> PROVIDED DATA
··········
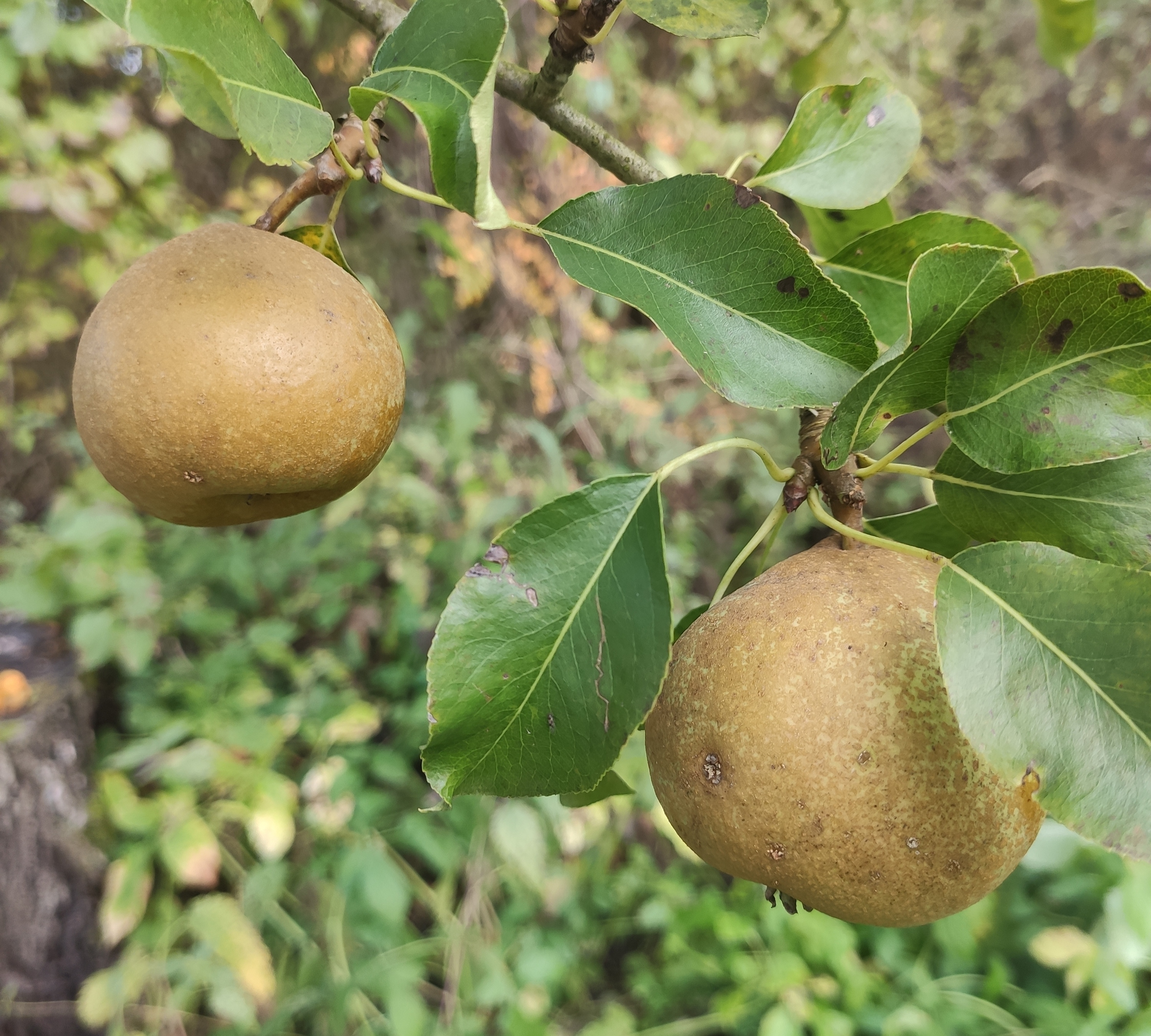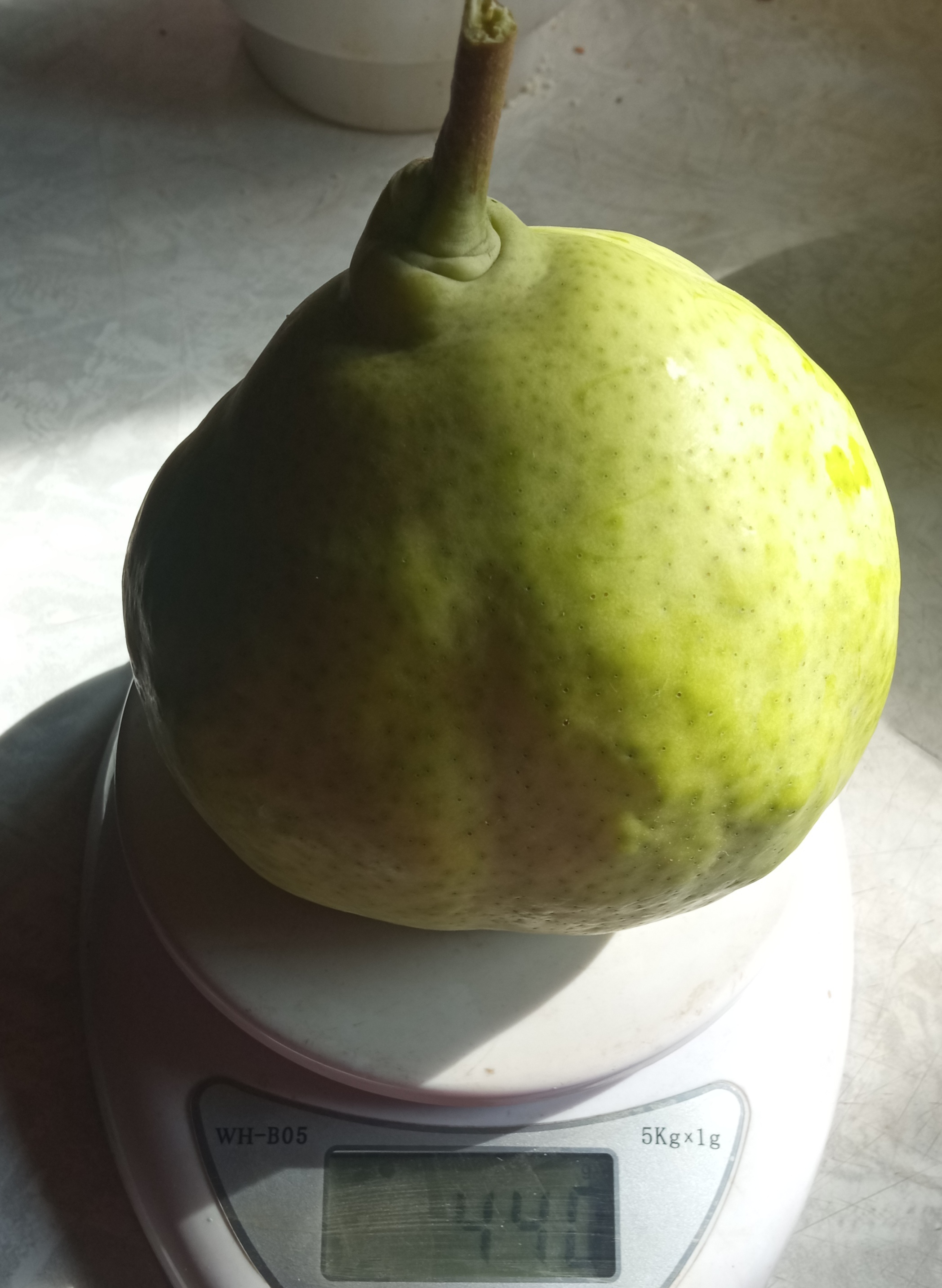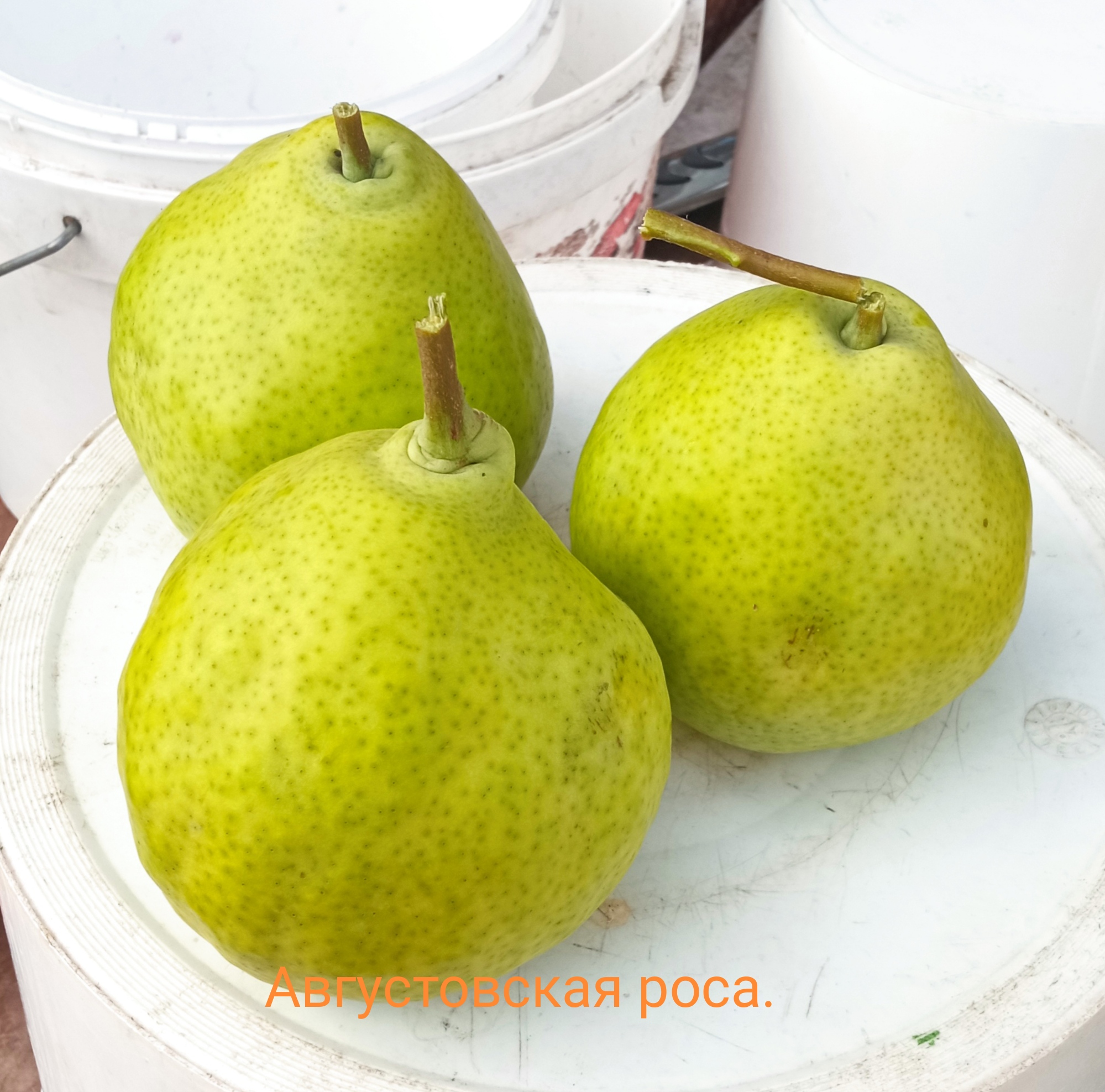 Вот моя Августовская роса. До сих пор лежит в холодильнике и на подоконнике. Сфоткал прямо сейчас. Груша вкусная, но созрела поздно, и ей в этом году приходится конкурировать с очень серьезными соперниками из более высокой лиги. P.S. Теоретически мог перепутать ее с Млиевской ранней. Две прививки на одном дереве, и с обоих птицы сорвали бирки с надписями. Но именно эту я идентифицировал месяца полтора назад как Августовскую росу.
··········
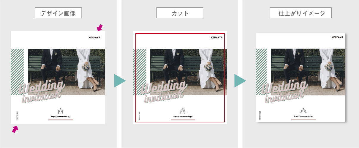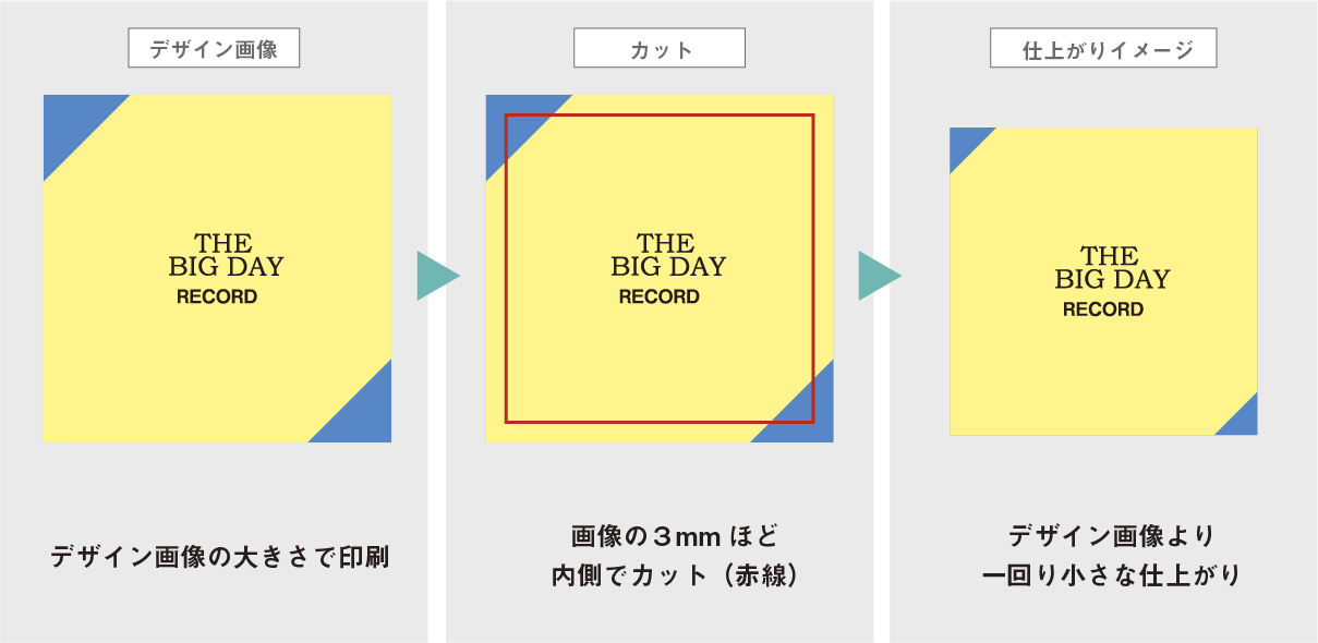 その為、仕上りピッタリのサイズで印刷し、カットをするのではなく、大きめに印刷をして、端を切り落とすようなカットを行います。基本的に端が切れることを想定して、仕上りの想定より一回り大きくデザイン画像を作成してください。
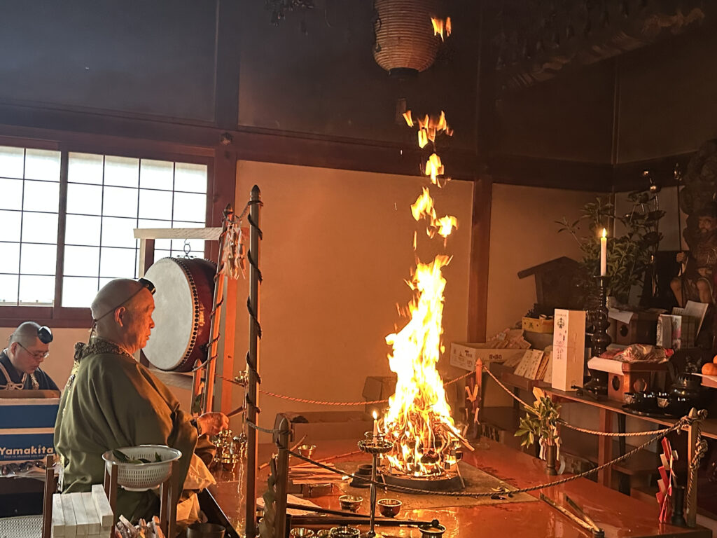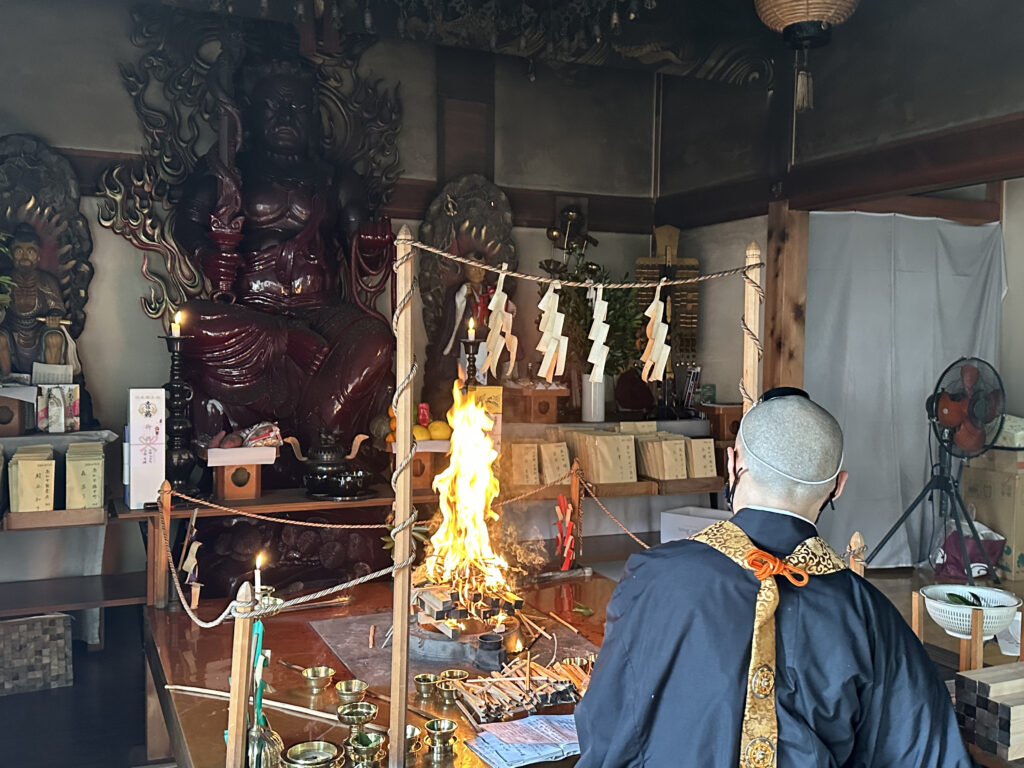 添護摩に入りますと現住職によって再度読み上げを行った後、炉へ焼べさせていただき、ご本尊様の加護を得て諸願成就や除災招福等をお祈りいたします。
··········
> WHAT THE TASK REQUIRES
The reply should hold the entries above from the line with "その為、仕上りピッタリのサイ" to the line with "添護摩に入りますと現住職によ", duplicated exactly, pictures excluded.

> WRITTEN SOLUTION
 その為、仕上りピッタリのサイズで印刷し、カットをするのではなく、大きめに印刷をして、端を切り落とすようなカットを行います。基本的に端が切れることを想定して、仕上りの想定より一回り大きくデザイン画像を作成してください。
 添護摩に入りますと現住職によって再度読み上げを行った後、炉へ焼べさせていただき、ご本尊様の加護を得て諸願成就や除災招福等をお祈りいたします。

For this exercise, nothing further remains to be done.